* _Task goal_
Pictures in the entries below are excluded; copy only the lines from the one containing "Saisir une manivelle" to the one containing "Year: 2005 Language: english", both included.

* _Data section_
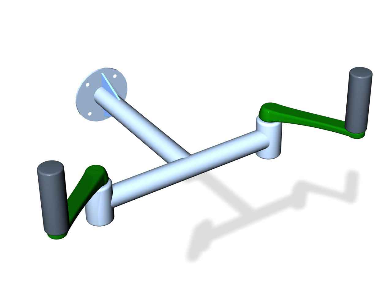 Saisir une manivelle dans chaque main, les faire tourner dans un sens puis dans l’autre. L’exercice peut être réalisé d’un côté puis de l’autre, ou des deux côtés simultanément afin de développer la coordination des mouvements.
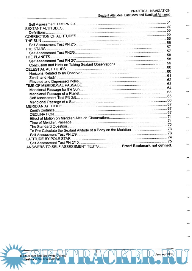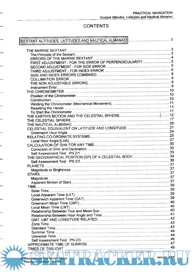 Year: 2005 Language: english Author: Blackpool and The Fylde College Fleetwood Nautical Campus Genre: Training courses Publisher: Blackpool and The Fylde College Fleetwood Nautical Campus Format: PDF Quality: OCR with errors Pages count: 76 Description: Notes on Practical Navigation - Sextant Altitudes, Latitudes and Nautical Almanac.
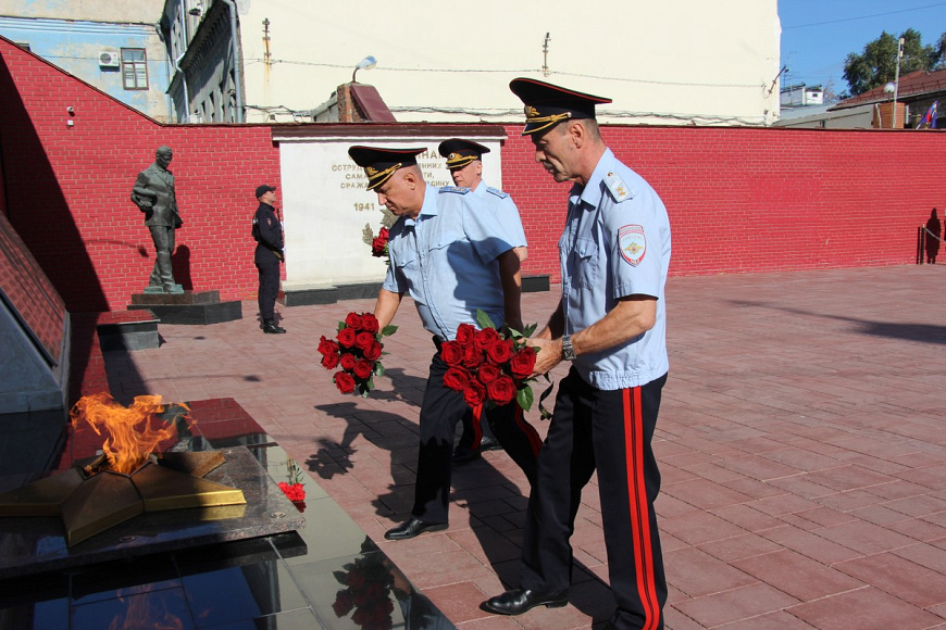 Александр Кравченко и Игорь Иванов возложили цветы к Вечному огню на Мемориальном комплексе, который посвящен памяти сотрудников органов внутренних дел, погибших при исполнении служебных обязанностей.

...

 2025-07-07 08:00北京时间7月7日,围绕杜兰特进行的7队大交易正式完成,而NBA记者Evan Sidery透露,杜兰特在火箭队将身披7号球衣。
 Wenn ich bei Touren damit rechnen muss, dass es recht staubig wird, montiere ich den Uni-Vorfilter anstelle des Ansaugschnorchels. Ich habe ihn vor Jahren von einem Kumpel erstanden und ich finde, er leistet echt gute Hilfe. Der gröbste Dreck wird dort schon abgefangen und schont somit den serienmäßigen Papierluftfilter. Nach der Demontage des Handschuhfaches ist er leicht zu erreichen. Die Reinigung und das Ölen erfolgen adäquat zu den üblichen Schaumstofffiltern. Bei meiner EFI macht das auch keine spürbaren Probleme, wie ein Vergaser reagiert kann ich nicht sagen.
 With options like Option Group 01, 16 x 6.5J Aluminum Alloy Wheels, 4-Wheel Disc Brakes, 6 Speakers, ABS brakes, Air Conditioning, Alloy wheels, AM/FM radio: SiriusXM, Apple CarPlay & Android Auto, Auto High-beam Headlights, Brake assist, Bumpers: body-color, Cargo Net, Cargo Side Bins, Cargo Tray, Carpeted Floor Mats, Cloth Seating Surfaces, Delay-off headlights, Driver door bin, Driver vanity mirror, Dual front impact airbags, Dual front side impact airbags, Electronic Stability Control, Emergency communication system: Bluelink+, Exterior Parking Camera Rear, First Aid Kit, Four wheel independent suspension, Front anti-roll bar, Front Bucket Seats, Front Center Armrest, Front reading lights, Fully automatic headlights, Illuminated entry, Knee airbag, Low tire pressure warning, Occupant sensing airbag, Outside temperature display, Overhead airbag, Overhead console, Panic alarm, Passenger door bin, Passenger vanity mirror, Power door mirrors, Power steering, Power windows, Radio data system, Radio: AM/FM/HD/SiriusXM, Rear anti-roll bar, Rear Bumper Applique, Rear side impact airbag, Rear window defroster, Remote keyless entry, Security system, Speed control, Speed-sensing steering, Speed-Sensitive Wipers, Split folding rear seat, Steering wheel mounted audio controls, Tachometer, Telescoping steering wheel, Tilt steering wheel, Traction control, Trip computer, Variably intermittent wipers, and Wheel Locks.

...

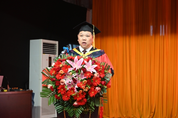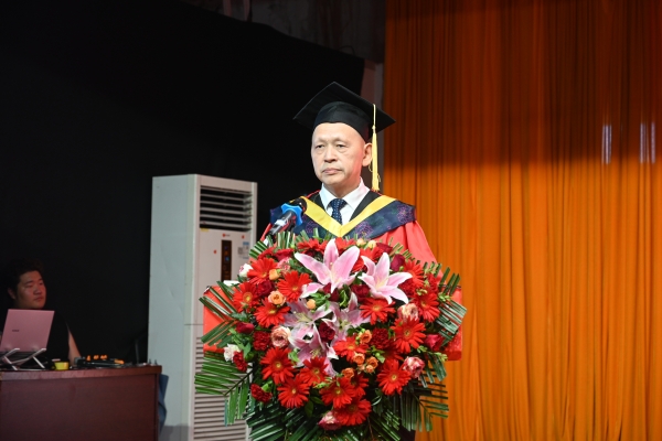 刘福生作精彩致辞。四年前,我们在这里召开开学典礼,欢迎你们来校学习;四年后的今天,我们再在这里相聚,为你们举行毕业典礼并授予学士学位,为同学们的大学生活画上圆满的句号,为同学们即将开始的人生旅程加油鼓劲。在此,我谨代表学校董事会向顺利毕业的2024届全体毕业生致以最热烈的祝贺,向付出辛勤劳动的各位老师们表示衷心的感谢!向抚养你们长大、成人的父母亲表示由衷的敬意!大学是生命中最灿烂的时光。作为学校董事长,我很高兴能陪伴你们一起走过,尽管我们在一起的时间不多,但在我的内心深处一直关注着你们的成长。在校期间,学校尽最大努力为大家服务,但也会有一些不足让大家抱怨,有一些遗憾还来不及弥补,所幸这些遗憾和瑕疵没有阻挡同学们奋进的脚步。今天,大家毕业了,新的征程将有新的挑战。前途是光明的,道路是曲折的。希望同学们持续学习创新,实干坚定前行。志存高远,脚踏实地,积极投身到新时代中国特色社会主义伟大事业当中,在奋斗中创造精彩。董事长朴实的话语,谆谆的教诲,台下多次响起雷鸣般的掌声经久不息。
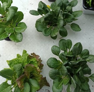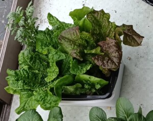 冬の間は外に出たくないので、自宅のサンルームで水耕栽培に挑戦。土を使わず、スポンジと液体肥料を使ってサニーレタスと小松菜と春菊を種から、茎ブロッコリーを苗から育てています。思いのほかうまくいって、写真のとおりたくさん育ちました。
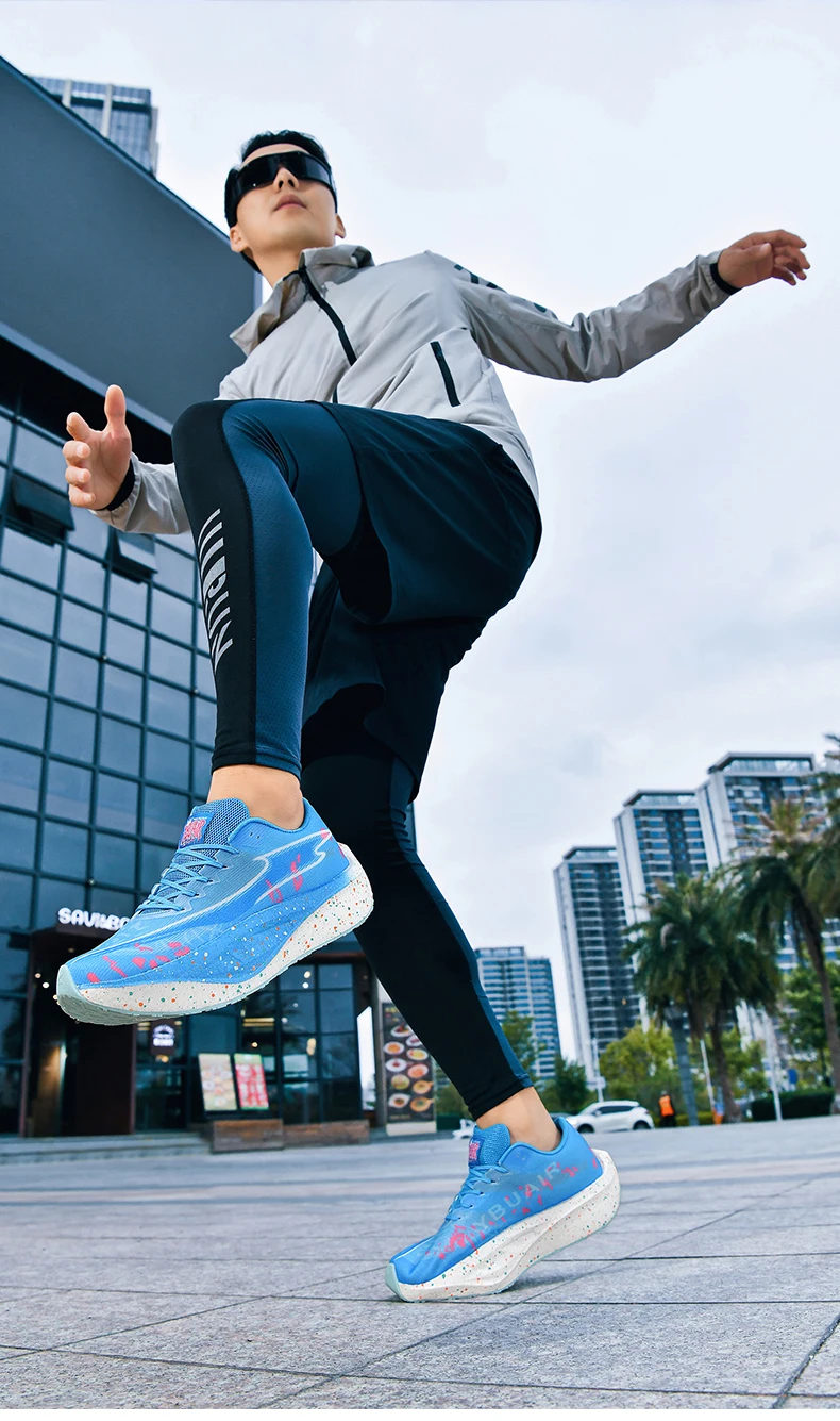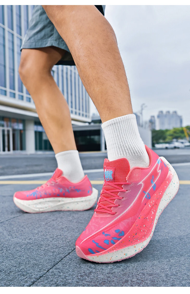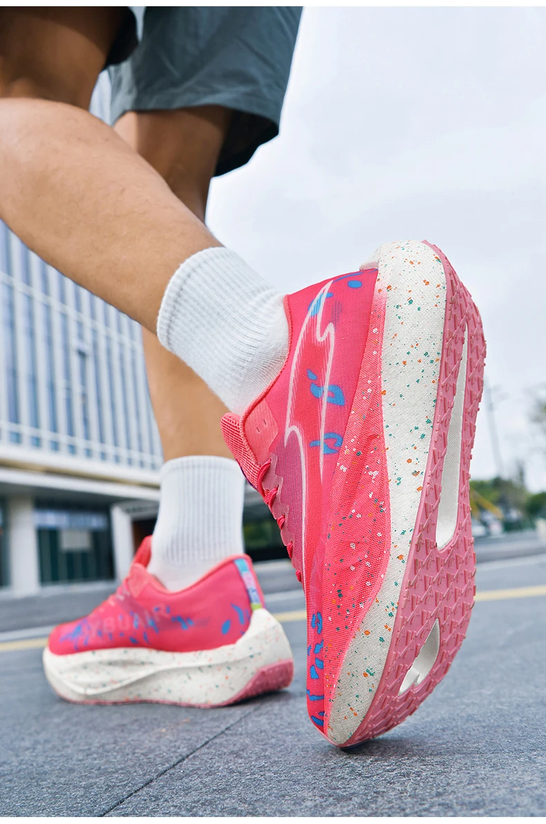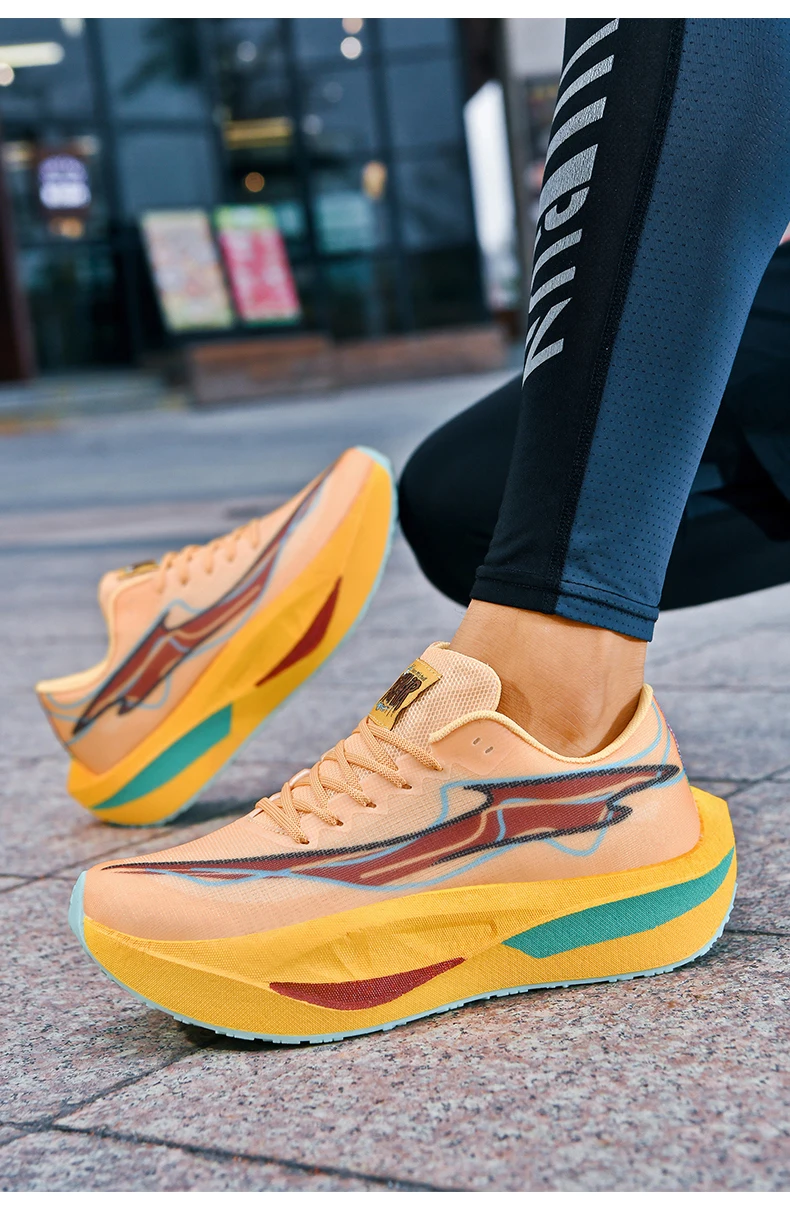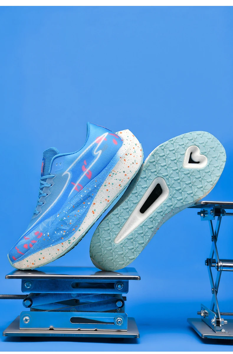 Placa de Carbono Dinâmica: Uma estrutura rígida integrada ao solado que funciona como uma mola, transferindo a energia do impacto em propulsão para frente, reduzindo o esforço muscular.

* _Exercise response_
 Saisir une manivelle dans chaque main, les faire tourner dans un sens puis dans l’autre. L’exercice peut être réalisé d’un côté puis de l’autre, ou des deux côtés simultanément afin de développer la coordination des mouvements.
 Year: 2005 Language: english Author: Blackpool and The Fylde College Fleetwood Nautical Campus Genre: Training courses Publisher: Blackpool and The Fylde College Fleetwood Nautical Campus Format: PDF Quality: OCR with errors Pages count: 76 Description: Notes on Practical Navigation - Sextant Altitudes, Latitudes and Nautical Almanac.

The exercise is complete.